И сапожник растирал слюни на грубой набойке и неистово стучал молотком. Я с любопытством смотрел на голую ступню Придачина, попиравшую остатки галантного королевства. Разваренные в черной прелой грязи, пальцы его ноги заворачивались кривыми ногтями. Это была великолепная картина. Мы беседовали о мировых делах, так как сапожник интересовался политикой. Жена повара развешивала белье у двери своего домика, мелькая голыми смуглыми икрами и лукаво оглядывая вселенную. А после, когда кочегар довольно постучал башмаком о землю, а сапожник поклялся покойным отцом, что работа отлична, мы отправились в дом управления, и Живописец, усадив Придачина за стол у графина, сделал прекрасный набросок... В комнату набралось много народу, и все решительно завидовали

кочегару.
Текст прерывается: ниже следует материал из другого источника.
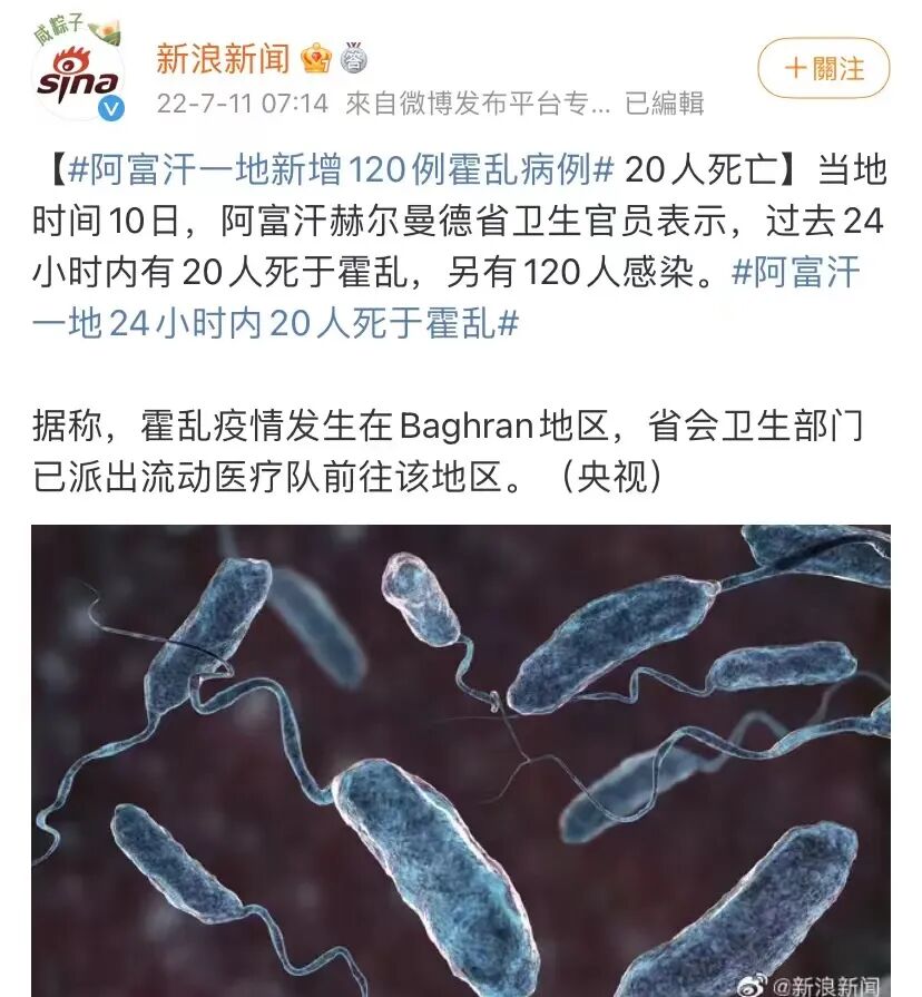 2022年7月10日,阿富汗Baghran地区新增120例霍乱病例,20人死亡。

Он сидел, гордый и довольный, в своем кожаном картузе и не шевелился, когда Живописец, серьезно хмуря брови, быстро чертил в альбоме изящные смелые линии. Все глаза следили за его карандашом, и можно было услышать, как пролетает муха, - такая тишина и такое внимание сошли на кончик графита под рукою известного мастера. И все вполголоса давали дружеские советы Придачину как держаться, и во всех голосах чувствовалась некоторая доля подобострастия. Кочегар явно становился знаменитостью и занял подобающее место в обществе. Так спокойно и просто занимает свое именное кресло в партере театра человек, знающий, что никто не посягнет на его право быть у всех на виду. В этом нет ничего удивительного. Я всегда думал, что это произойдет именно так. Даже Винсек, необыкновенно чистенький и нарядный в этот день, в открытом френче времен военного коммунизма, при вязаном галстуке, сказал ему несколько сочувственных слов.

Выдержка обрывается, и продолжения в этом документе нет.